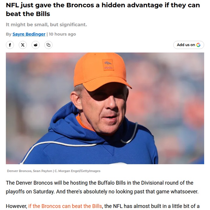 Jay Williams+FollowBroncos’ playoff schedule could be a game-changerThe Broncos are set up for a sneaky edge this postseason—if they take down the Bills on Saturday, they’ll get an extra day of rest before the AFC Championship. That’s on top of already having nearly double the rest the Bills get this week. While it might sound minor, that extra recovery and prep time can make a real difference when every play counts. Plus, Denver won’t have to travel, so they can focus on getting healthy and game-ready at home. Is this the kind of advantage that could tip the scales in a tight playoff run? #Sports #Football #BroncosCountry20Share
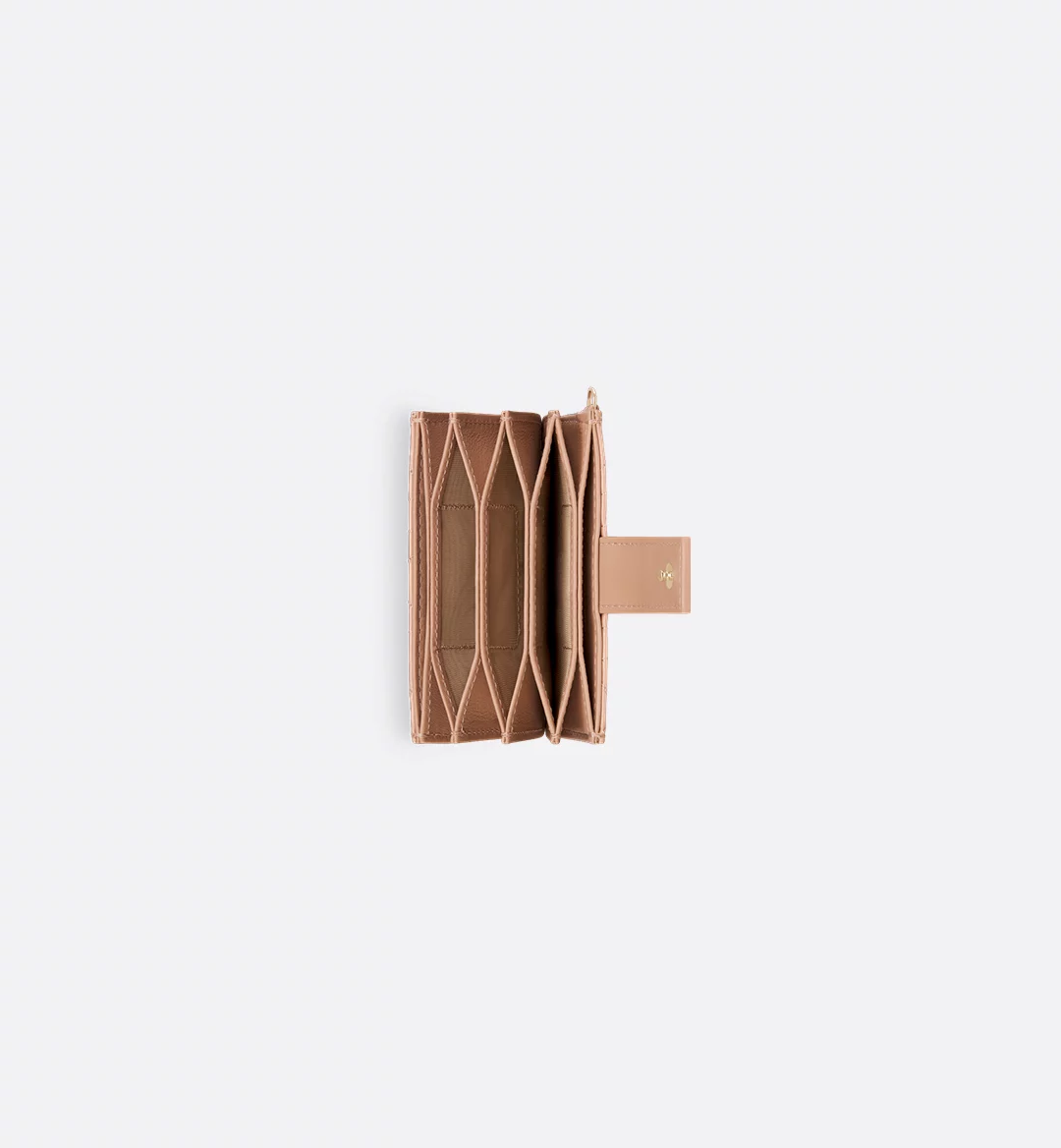 The Lady Dior Jasmine card holder pays tribute to the Dior leather artisans’ savoir-faire with its timeless Cannage topstitching. Crafted in Rose des Vents patent calfskin, the style is compact and functional and can accommodate the daily essentials. Embellished with detachable D.I.O.R. charms and a snap flap closure, the gusset card holder can be coordinated with other Lady Dior creations.
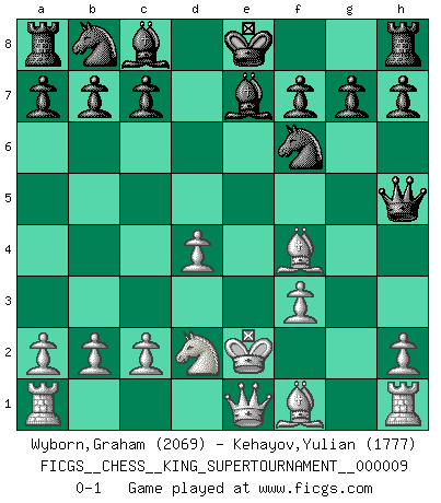 Last move : 0-1 2023 June 2 20:7:42 [Event "FICGS__CHESS__KING_SUPERTOURNAMENT__000009"] [Site "FICGS"] [Date "2023.04.23"] [Round "1"] [White "Wyborn,Graham"] [Black "Kehayov,Yulian"] [Result "0-1"] [WhiteElo "2069"] [BlackElo "1777"] 1.e4 e5 2.f4 exf4 3.d4 Qh4+ 4.Ke2 d5 5.Nf3 Qh5 6.Bxf4 dxe4 7.Nbd2 exf3+ 8.gxf3 Nf6 9.Qe1 Be7 0-1 This chess game has been lost on time (started : 2023.04.23 2:2:48) Follow this game move after move (download)Blessed be the memory of him who gave the world this immortal game. (A. G. Gardiner) Ich bin Weltmeister und muß mit niemandem irgend etwas diskutieren. (Viswanathan Anand) Por la belleza de sus partidas, la claridad de su juego y lo brillante de sus ideas, Fischer se creó el mismo como un artista de la misma estatura como Brahms, Rembrandt y Shakespeare. (David Levy) RxDa4 pat (...) The man who strikes first admits that his ideas have given out. (Chinese proverb)
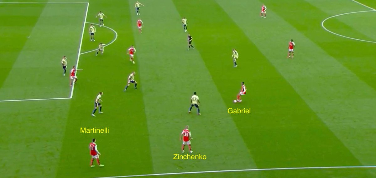 But the key difference (apart from the CF) is that last season Saka was accompanied by Odegaard while now Martinelli is accompanied by Havertz.
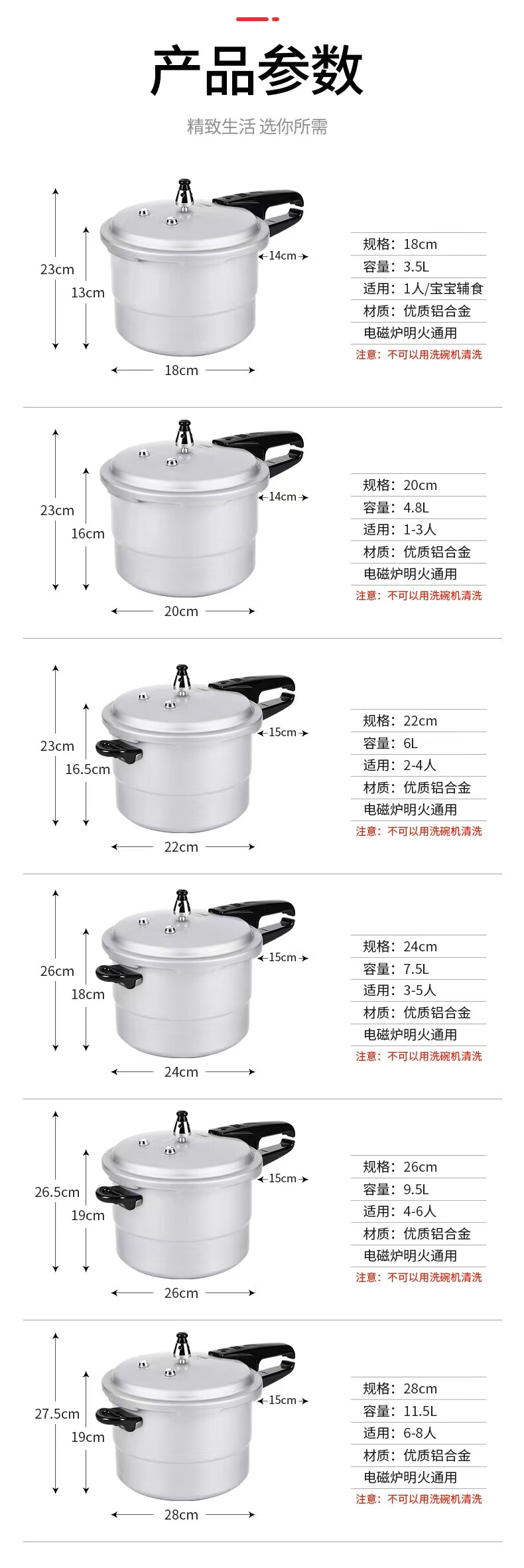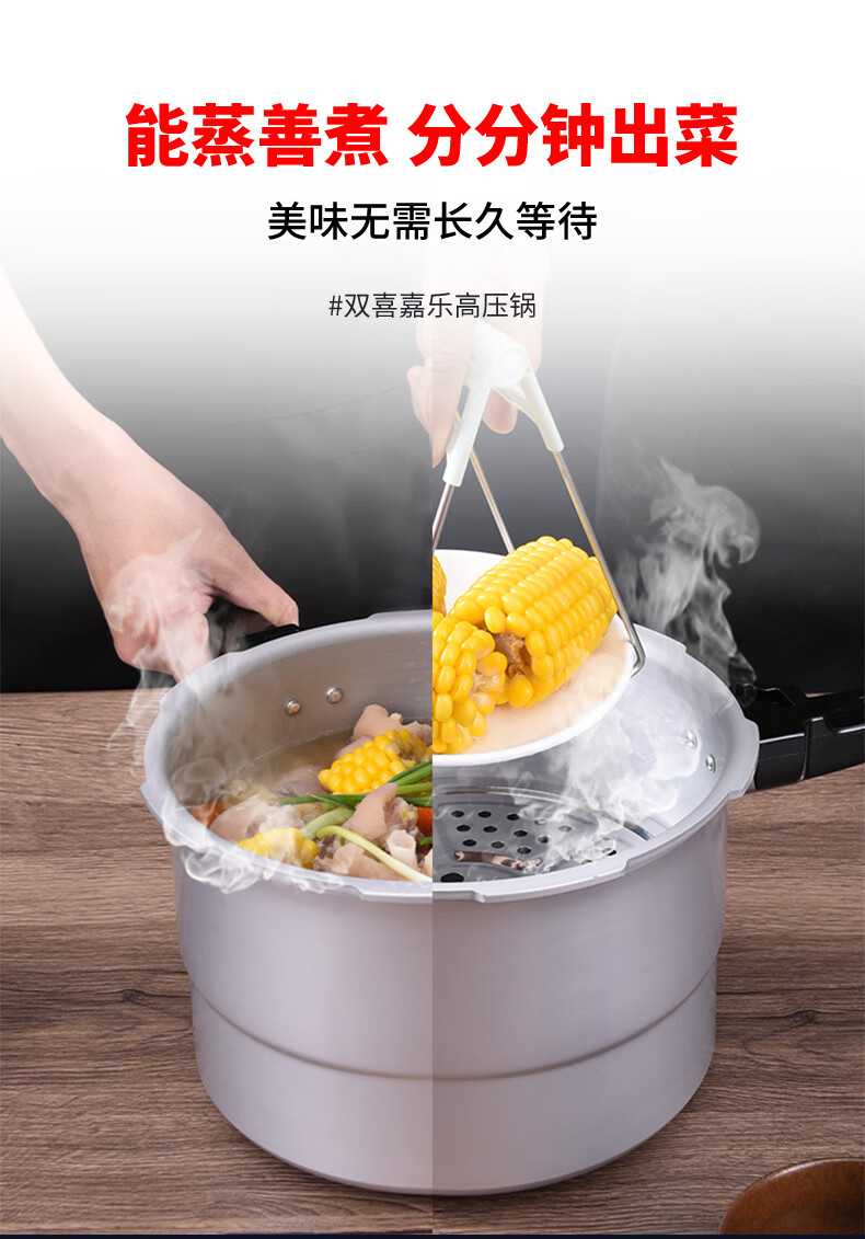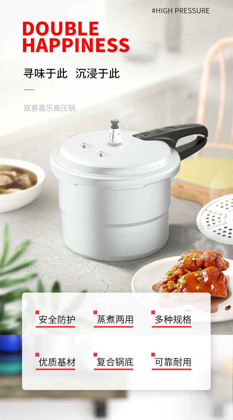 • 商品名称:双喜高压锅铝合金燃气电磁炉通用防爆家用压力锅20CM/4.8L【蒸格款】 高压锅/个

= = = = = = =

■ To do:
Nothing but the lines from the beginning of the material above through the line containing "The Lady Dior" should appear in the answer, copied exactly and free of pictures.

■ Solution to the exercise:
 Jay Williams+FollowBroncos’ playoff schedule could be a game-changerThe Broncos are set up for a sneaky edge this postseason—if they take down the Bills on Saturday, they’ll get an extra day of rest before the AFC Championship. That’s on top of already having nearly double the rest the Bills get this week. While it might sound minor, that extra recovery and prep time can make a real difference when every play counts. Plus, Denver won’t have to travel, so they can focus on getting healthy and game-ready at home. Is this the kind of advantage that could tip the scales in a tight playoff run? #Sports #Football #BroncosCountry20Share
 The Lady Dior Jasmine card holder pays tribute to the Dior leather artisans’ savoir-faire with its timeless Cannage topstitching. Crafted in Rose des Vents patent calfskin, the style is compact and functional and can accommodate the daily essentials. Embellished with detachable D.I.O.R. charms and a snap flap closure, the gusset card holder can be coordinated with other Lady Dior creations.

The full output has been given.